Divorcing couples in Westerville go into their proceedings prepared to have to deal with a number of potentially sensitive issues; dividing up a 401(k) may not be one of them. The spouse contributing to the 401(k) (typically through their paycheck) often does not think such an account is a marital asset. Yet since the contributions made to a 401(k) during a marriage come from shared income, the court views them as such.

The contributing spouse may want to push to keep their 401(k), while the non-contributing spouse may want to use their portion to help them transition into their post-divorce life. These desires depend (of course) on what the law allows.

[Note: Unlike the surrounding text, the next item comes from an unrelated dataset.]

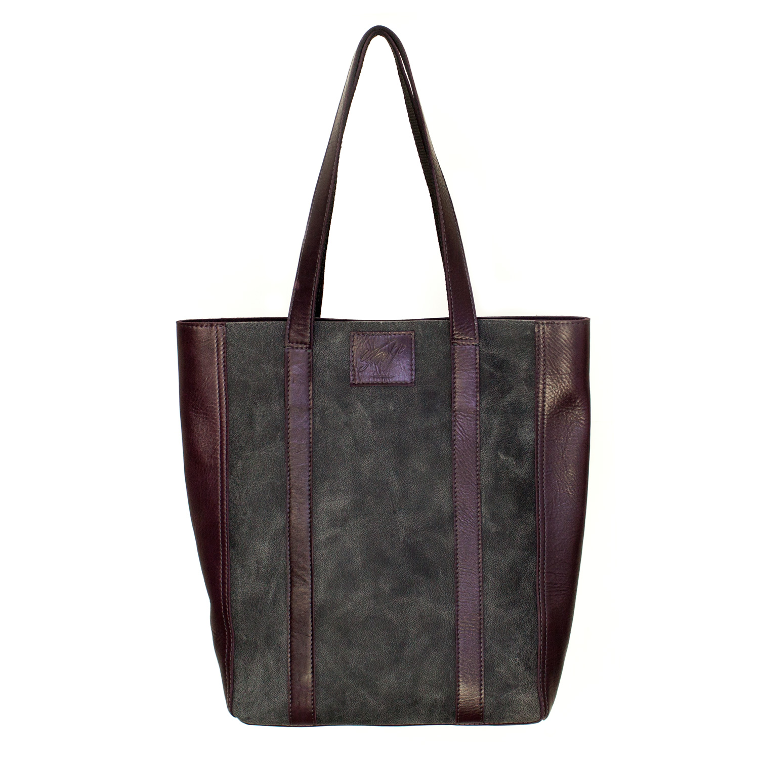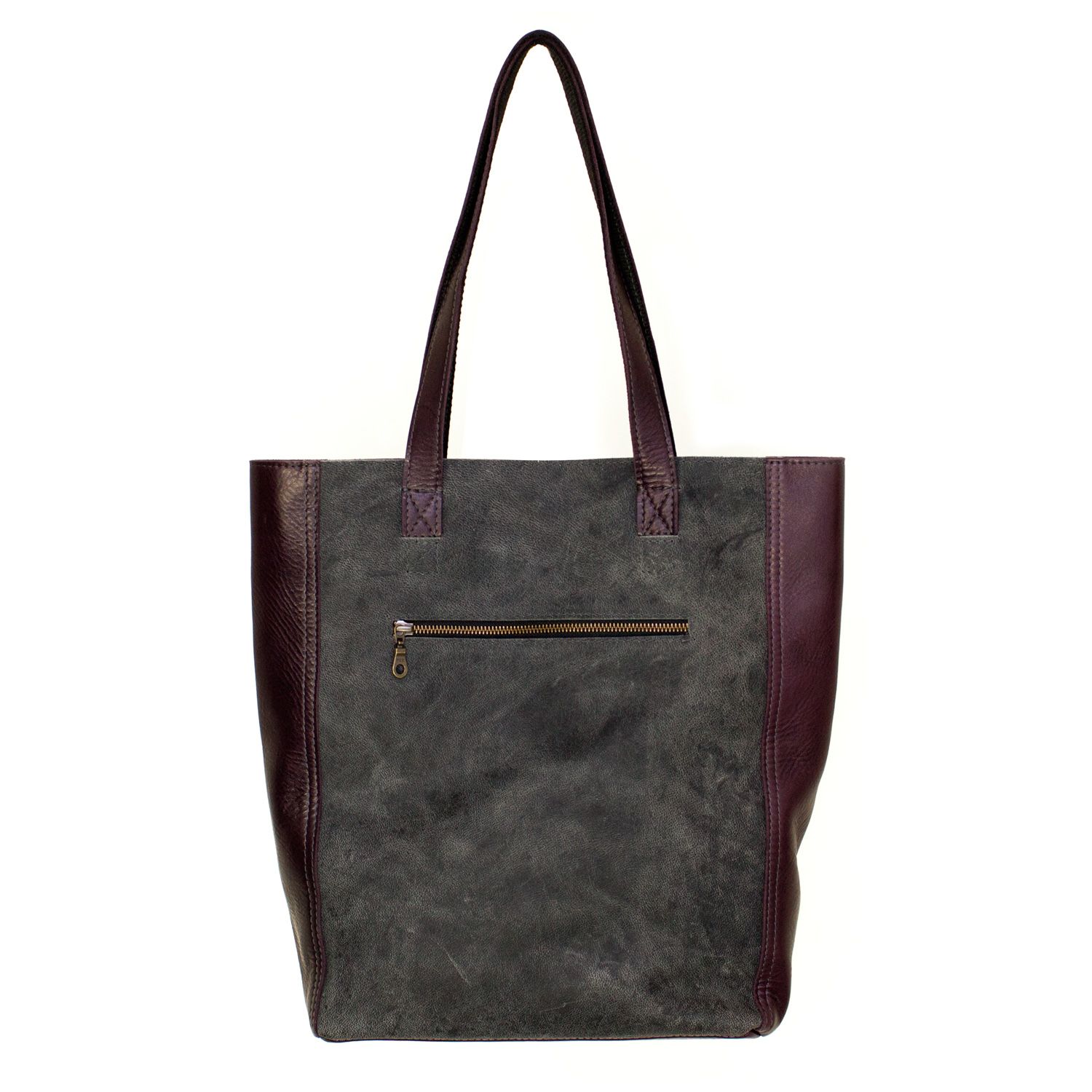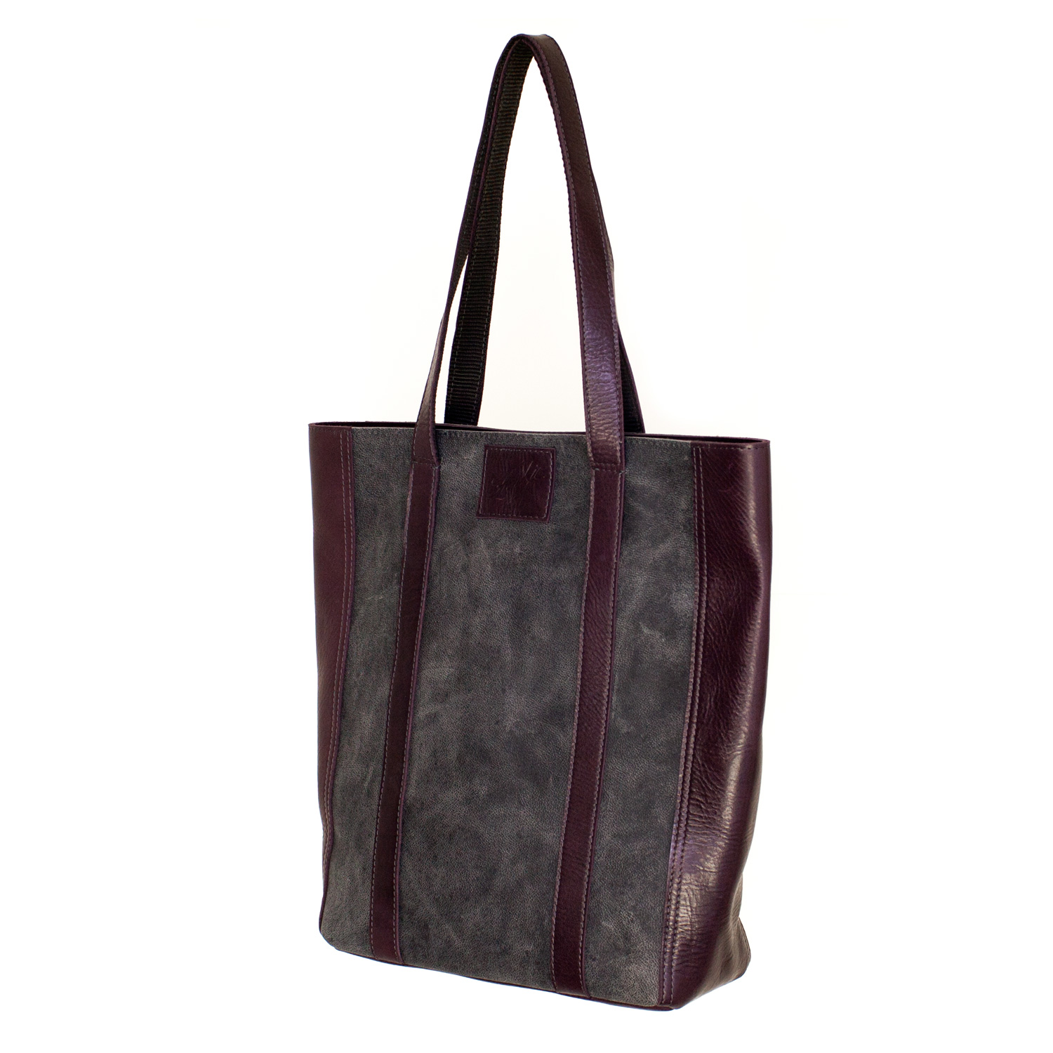 Handgemaakte leren shopper Renée | grijs en aubergine aantal

Cashing out a portion of a 401(k)

As to the question of whether one (or both) spouse can cash out their portion of a 401(k), many might automatically dismiss that as an option given that early withdrawals from a tax-deferred retirement account are typically discouraged (as doing so usually nets a 10% early withdrawal penalty). However, according to information shared by CNBC.com, a divorce is one of the few scenarios where one can make an early withdrawal from a 401(k) without incurring a penalty (whoever receives the disbursement must pay income taxes on the withdrawal, however).

Keeping the full 401(k)

One who wants to keep their full 401(k) can attempt to do so. The 401(k) Help Center says that by agreeing to relinquish their claim to another marital asset (of comparable value), one may be able to convince their ex-spouse to give up their interest in their 401(k). Doing this, however, might require that one give up more than they anticipated. This is because the court values 401(k) assets at their estimated future value (taking into account potential earned interest and investment gains).